The plot is science fiction, but the spirit is Dashiell Hammett’s, if Sam Spade had been genetically engineered. Rico, the protagonist, is a gunner for an intergalactic crime syndicate. Thanks to his father’s misguided tinkering with his DNA, he’s as good at his job as he is bad at figuring how to pass as an ordinary homo sapien with a moral instinct. He’s super-intelligent, purely logical, and wired with physical and neurological bonuses that let him do cool tricks like shooting at a different moving target with each hand. But his missing social sense is a cumbersome handicap whenever he’s not focused on a job. He agonizes over simple actions like ordering food without scaring the waitress, and his awkwardness furnishes much of the book’s ample and agile comedy:

Punching a person in the face would be an efficient way to signal the end of a conversation, but it’s almost never socially acceptable.
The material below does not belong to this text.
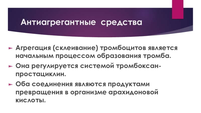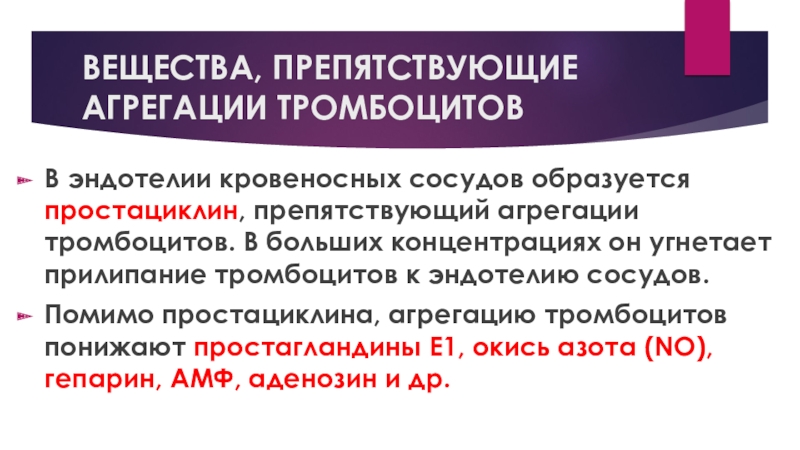 Слайд 22ВЕЩЕСТВА, ПРЕПЯТСТВУЮЩИЕ АГРЕГАЦИИ ТРОМБОЦИТОВ

But like anyone who’s more logical than emotional, Rico nurtures his inner, self-justifying philosopher, and his loner lifestyle gives him plenty of time to think:

Civilized people like to think they don’t have to kill, but I don’t know of any sentient species that didn’t evolve from predators. … In a way, all of man’s highest creations—from art to literature to science—only came about because of his basic need to kill. But philosophy was just as useless in this situation as it is in any other.

Rico is selectively moral—he prefers not to kill honest people, and he banters almost affectionately with the AI personality that runs his spacecraft. Though human colonization of the galaxy hasn’t stopped Christians from being sappy and Muslims from being bomb-y, Rico’s own disbelief in the gods is tempered by a logical appreciation of why normal humans find them appealing:

Now, a lot of people consider thinking a giant killer robot is a god to be laughably ridiculous, and I get that. I just don’t get how it may be socially acceptable for me to laugh at the Calabrai and their poorly examined beliefs, but wrong for me to laugh at how people mindlessly go to their jobs every day and provide for their families with no real introspection as to why.

You can’t carve an entire science fiction plot out of gems of hard-boiled wit. So there is character development, and yes, it does involve a human female with a dark history, a church group, and a heart of gold. But though Fleming handles Rico’s dawning conscience smoothly, he doesn’t handle it tritely. Even the best fiction can have a whiff of the writing workshop to it, but Fleming writes like he was genetically modified to know the rules better than the rules know themselves.